The average d of the network is computed as shown in Eq. (12)

$$\begin{aligned} d={\sum \limits _{i=1}^{n}\left( \sum \limits _{k=1}^{P(i)}\left( d(k) \right) \right) }\times \frac{1}{{\mathcal {R}}} \end{aligned}$$

(12)

The RTT is the time delay for a packet to send from source and receive an ACK from the server, it may be asymmetric, and not always equal.
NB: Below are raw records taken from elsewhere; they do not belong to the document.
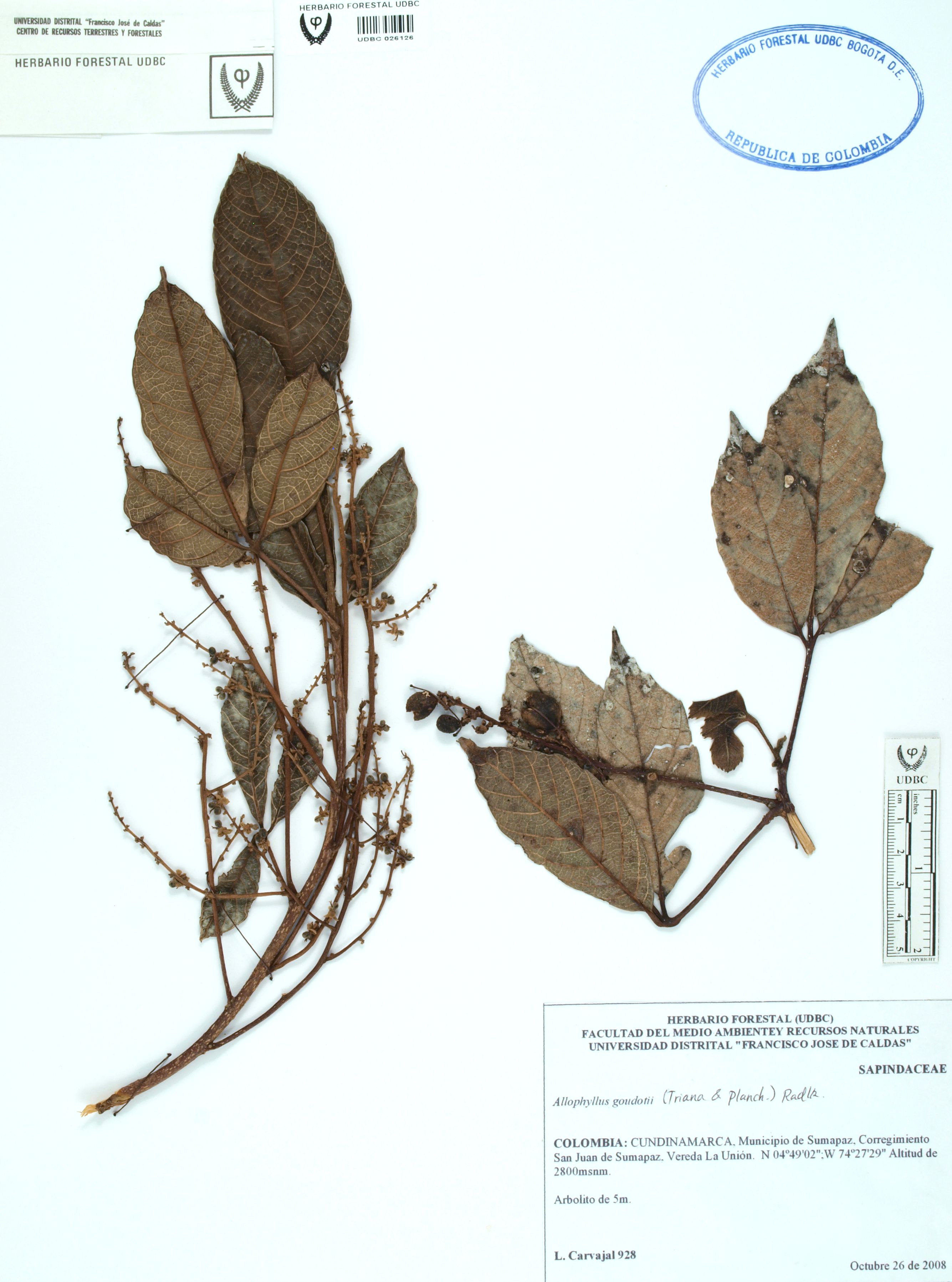 Fotografía del ejemplar Carvajal, L. 928, determinado como Allophylus goudotii
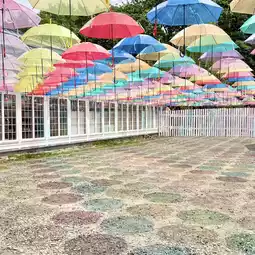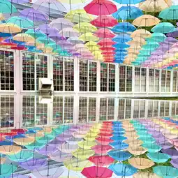 The main Umbrella Sky is located in the free area, but there are also displays in the paid area.
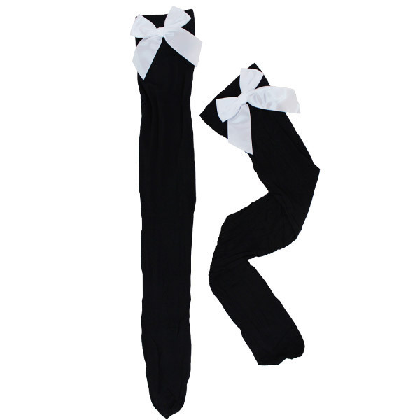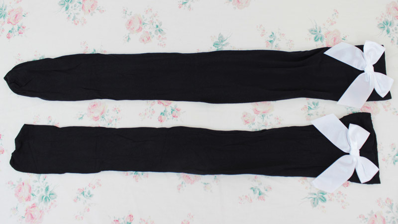リボン付きニーハイ 黒×白リボン
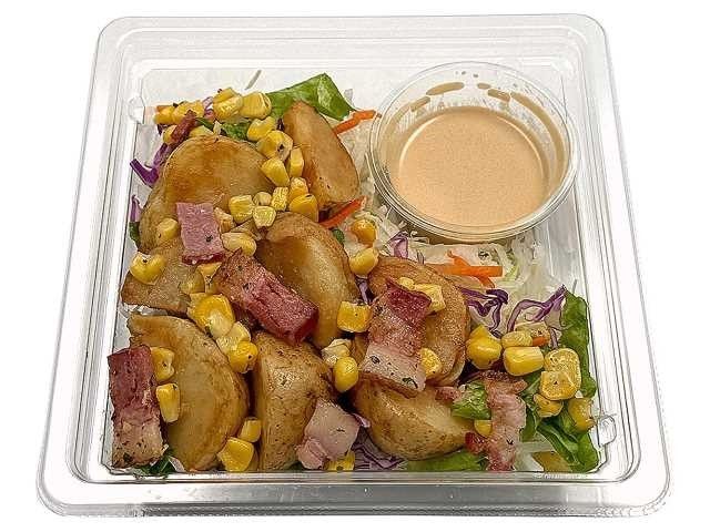 バター醤油たれを和えた北海道産のじゃがいもに相性の良いベーコンとコーンを組み合わせた、コクのあるピリ辛和風マヨネーズドレッシングで食べるおかずサラダです

Simply, the sum of d(k) and the time taken to receive an ACK (${\mathcal {A}}$) i.e. shown in Eq. (13)

$$\begin{aligned} \lambda (k) = d(k) + {\mathcal {A}}(k) \end{aligned}$$

(13)

the average RTT time is computed using Eq. (14)

$$\begin{aligned} \lambda = {\sum \limits _{i=1}^{n} \left( {\sum \limits _{j=1}^{P(i)} \left( {\sum \limits _{k=0}^{\eta (j)}\lambda (k)}\times \frac{1}{\eta (j)}\right) }\times \frac{1}{P(i)} \right) }\times \frac{1}{T \times n} \end{aligned}$$

(14)

The maximum $\sigma $ always minimizes the E. The E also can be minimized by minimizing the $\eta $, where $\eta $ indicates the average number of retransmissions computed as shown below:

$$\begin{aligned} \eta =\frac{1}{n}{\sum \limits _{i=1}^{n}\left( \frac{1}{P(i)}{\sum \limits _{j=1}^{P(i)}\eta (j)} \right) } \end{aligned}$$

(15)

The minimization of $\eta $ value maximizes the $\sigma $, and it also minimizes the d and $\lambda $. The $\sigma $ is also maximized when $\Phi $ value is minimized. It will be minimized when $\Psi $ is maximized. Finally, we achieve the Eq. (16) through $\eta $ with optimal RTOs.
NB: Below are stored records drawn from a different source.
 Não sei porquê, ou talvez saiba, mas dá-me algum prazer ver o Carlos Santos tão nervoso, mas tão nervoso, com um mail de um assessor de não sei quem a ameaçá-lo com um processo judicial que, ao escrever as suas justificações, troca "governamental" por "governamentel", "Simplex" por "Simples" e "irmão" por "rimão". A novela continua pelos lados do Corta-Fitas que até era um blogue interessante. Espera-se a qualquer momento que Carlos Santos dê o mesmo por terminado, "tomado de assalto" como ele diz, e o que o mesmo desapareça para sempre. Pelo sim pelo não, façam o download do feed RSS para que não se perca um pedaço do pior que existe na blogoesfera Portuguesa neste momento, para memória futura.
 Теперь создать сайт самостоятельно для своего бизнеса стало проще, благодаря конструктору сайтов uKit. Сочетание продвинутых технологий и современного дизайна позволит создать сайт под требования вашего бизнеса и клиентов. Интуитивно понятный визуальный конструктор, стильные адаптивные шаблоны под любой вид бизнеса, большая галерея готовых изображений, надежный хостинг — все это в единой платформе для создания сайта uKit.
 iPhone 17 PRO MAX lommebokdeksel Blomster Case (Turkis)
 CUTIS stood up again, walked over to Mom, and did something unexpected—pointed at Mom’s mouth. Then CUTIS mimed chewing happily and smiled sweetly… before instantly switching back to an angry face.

With the observations from Fig. 2, The primary goal of the congestion control is for handling trade-off between maximizing $\sigma $, minimizing $\lambda $ and other parameters (Jay et al. 2019). To trade-off the design goal of low $\lambda $ and high $\sigma $, we adopt a utility function (Xiao et al. 2019) as shown in Eq. (16)

$$\begin{aligned} U(\lambda ,\sigma ) = \left( (1-\varphi )\times U_\vartheta (\sigma )\right) - \left( \varphi \times U_\vartheta (\lambda )\right) \end{aligned}$$

(16)

where $\varphi \in [0,1]$ is the relative importance of the $\sigma $ and $\lambda $ and the $U_\vartheta (x)$ is computed as follows

$$\begin{aligned} U_\vartheta (x) = {\left\{ \begin{array}{ll} \log (x) &{} \text {if }\vartheta = 1 \\ \frac{x^{1-\vartheta }}{1-\vartheta } &{} \text {Otherwise} \end{array}\right. } \end{aligned}$$

(17)

where $\vartheta $ is the fairness value ranging (0,$\infty $), and x is either $\sigma $ or $\lambda $ (Xiao et al. 2019). The goal of the proposed algorithm is to optimize the Eq. (16).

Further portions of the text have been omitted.